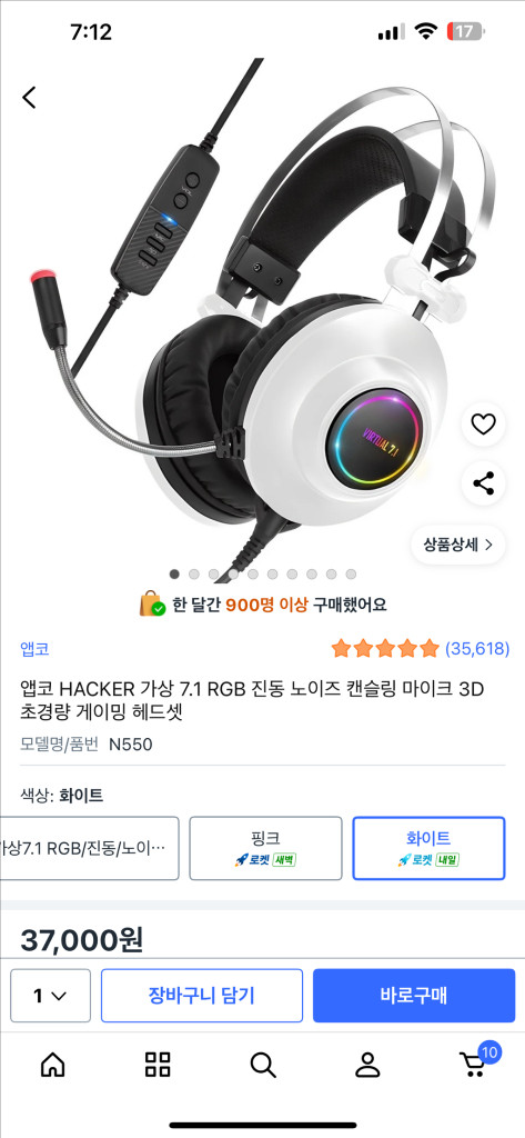 RGB 조명 기능과 노이즈캔슬링 기능이 있는 고급형 게이밍 헤드셋이에요. 화이트와 블랙 컬러로 깔끔하고 RGB 조명이 멋스럽네요. 상태 양호한 중고 제품입니다. 실사용2달
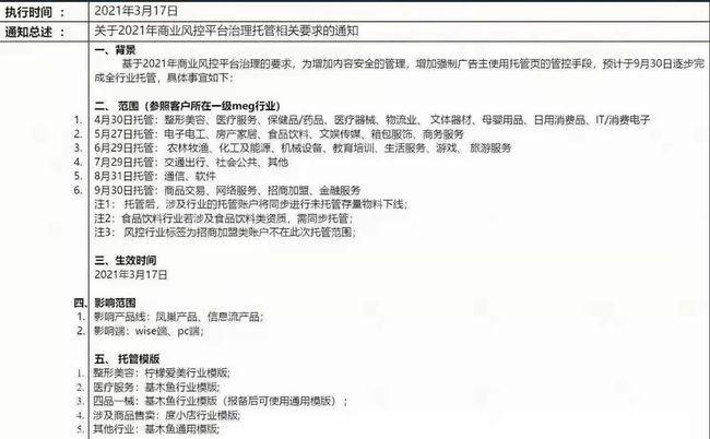 2、金融服务仅托管app下载类,文体器材仅托管户外装备,化工与能源仅托管消毒产品,软件仅托管商用软件,文娱传媒仅托管小说阅读&文书期刊&其他,生活服务、商务服务仅新增部分二级行业进行托管,取消全二级行业托管。
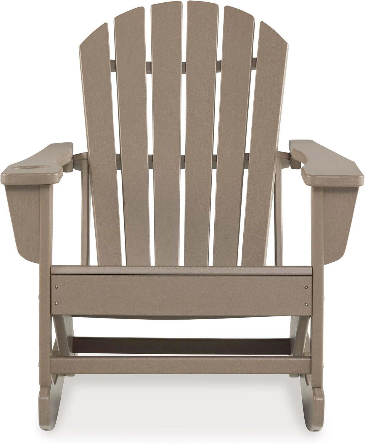 Add cottage-quaint charm to your outdoor oasis with this rocking chair in a driftwood finish. Made of MEGA TUFF™ high-density polyethylene material, it’s sure to weather the seasons beautifully. Designed to shed rainwater, the chair’s slatted styling and classic Adirondack design provide exceptional form and function. Signature Design by Ashley is a registered trademark of Ashley Furniture Industries, Inc.
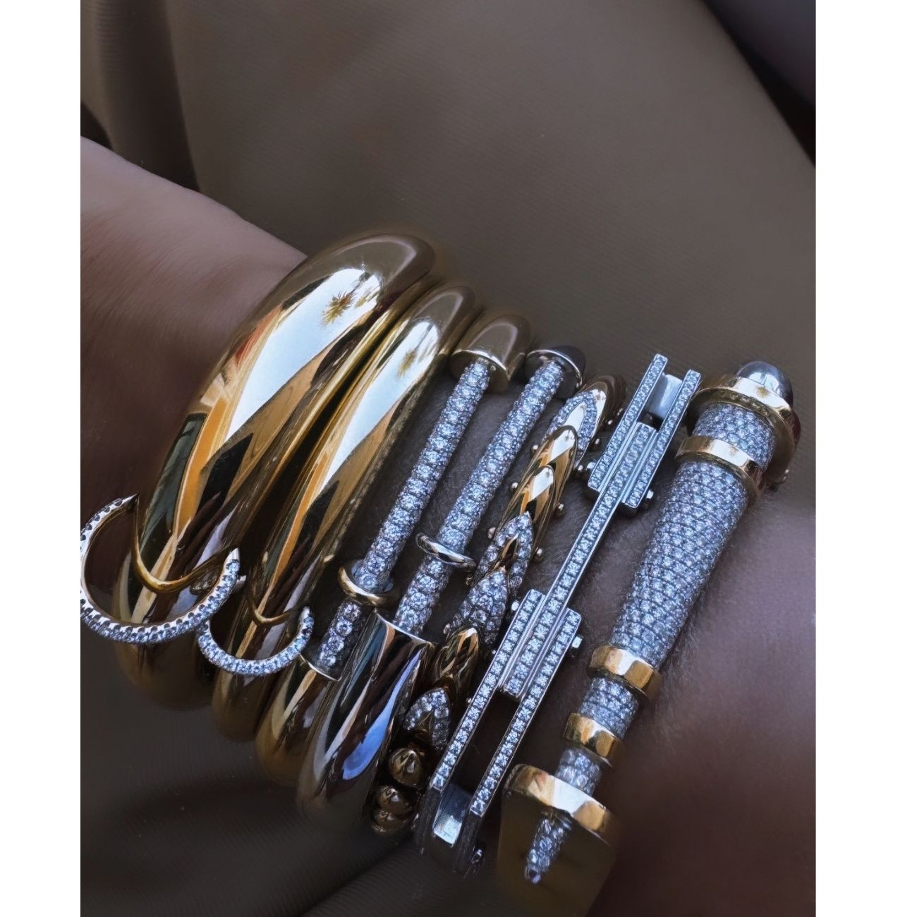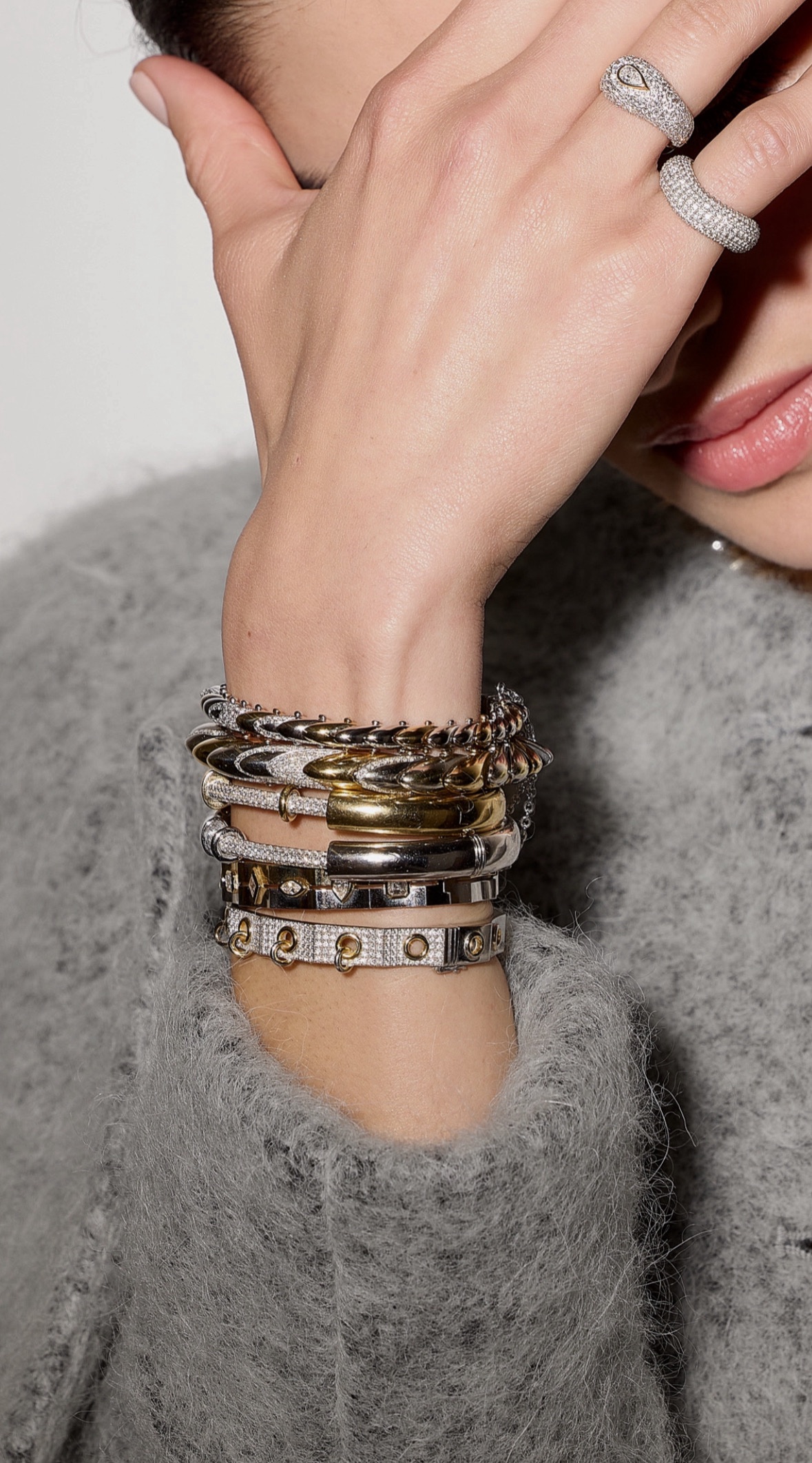 Le bracelet Ecailles est une pièce d’exception, elle représente tous les codes de RK. Une pièce de haute joaillerie, délicate dans son mouvement, les écailles s’articulent entre elles pour un design fort. Elle s’adapte à tous les looks, du classique au plus flamboyant.
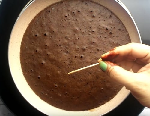 Cover the lid and let the cake bake for 15-20 minutes on low flame.
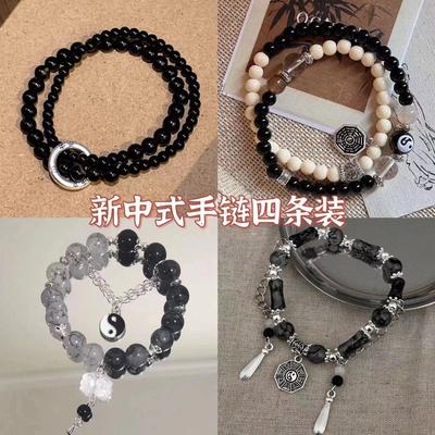 Niche Original Design Tai Chi Gossip Bracelet Women's New Chinese Style Black Beaded Ink Boys Bracelet Couple
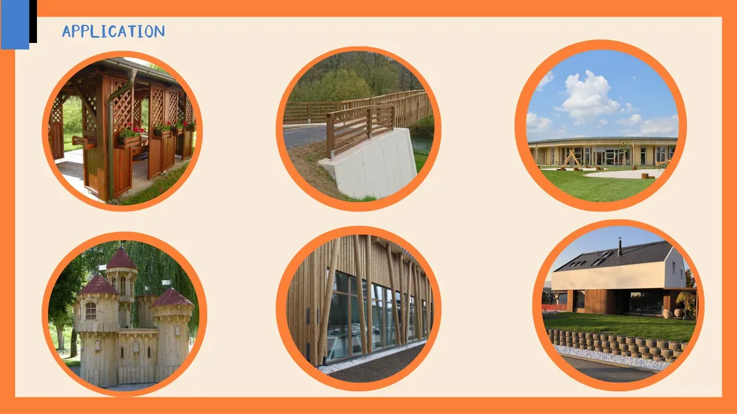 Preservative wood applications range from private courtyards to scenic spots: wooden boardwalks, flower boxes, outdoor floors, and ancient building restoration. It is ideal for bridge construction and environment-friendly house structures.

..............................

#### DIRECTIONS FOR THIS TASK:
Set down exactly the lines running from the beginning of the entries above to the line that contains "2、金融服务仅托管app下载", including both, and leave out pictures.

#### TASK RESULT:
 RGB 조명 기능과 노이즈캔슬링 기능이 있는 고급형 게이밍 헤드셋이에요. 화이트와 블랙 컬러로 깔끔하고 RGB 조명이 멋스럽네요. 상태 양호한 중고 제품입니다. 실사용2달
 2、金融服务仅托管app下载类,文体器材仅托管户外装备,化工与能源仅托管消毒产品,软件仅托管商用软件,文娱传媒仅托管小说阅读&文书期刊&其他,生活服务、商务服务仅新增部分二级行业进行托管,取消全二级行业托管。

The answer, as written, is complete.